This is what I get in Mesen at the moment (if I turn on OAM decay emulation for NTSC).
Although it looks like sometimes the OAM decay on NTSC isn't quite as fast as you would expect (and you end up with a screen of dashes for the rendering disabled test, instead of stars)?

Thanks again for taking the time to run these!
Sorry about the long filenames - I'll keep that in mind for the next time.
Re: PAL NES, sprite evaluation and $2004 reads/writes
by on (#193318)
Sour wrote:
Although it looks like sometimes the OAM decay on NTSC isn't quite as fast as you would expect (and you end up with a screen of dashes for the rendering disabled test, instead of stars)?

Yeah, I got that a few times. Although the fact that this test only reads one value ($80) and from a single memory address ($80) might have something to do with it.
Re: PAL NES, sprite evaluation and $2004 reads/writes
by on (#193420)
I did some improvements to the tests, which should (hopefully) give similar/better results.

Changes:
-The tests now read 4x from OAM per scanline at the following addresses and expect the following values:
Addr : Value
$22 : $A0 (Note: The test writes $BC, but expects $A0 to be read due to the missing bits in OAM - so not emulating the missing bits will cause the tests to fail)
$80 : $80
$A0 : $FC
$E0 : $55
(All other addresses are initialized with $C3)
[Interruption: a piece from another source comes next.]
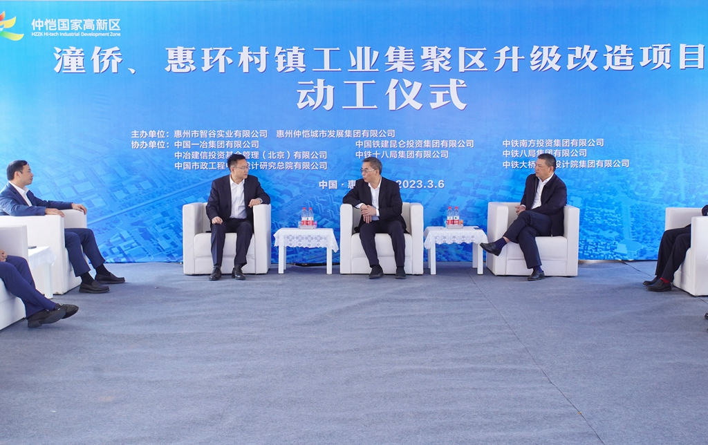 3月6日,中国一冶承建的惠州潼侨光明村工业集聚区升级改造项目举行动工仪式。惠州仲恺高新区委书记吴献民,区委常委王云波,中国一冶党委书记、董事长陈阳等参加活动。

The results are XORed together, and the code expects the end result to be $89 ($A0^$80^$FC^$55 = $89)
This means it should be more sensitive to OAM decay, among other things (I would expect the NTSC rendering off test to display all stars most of the time with this).

-Less jitter in the PAL test - the first OAM read occurs between cycle 80-90, the 4th read is between cycle 177-187.
-They display "Passed" when they match the patterns shown on the screenshot I posted above.
-Shorter filenames :)

On Mesen, these changes give the exact same results as before, and I'd expect the results to be fairly similar on a NES too (hopefully more consistent results due to reading 4 different addresses?).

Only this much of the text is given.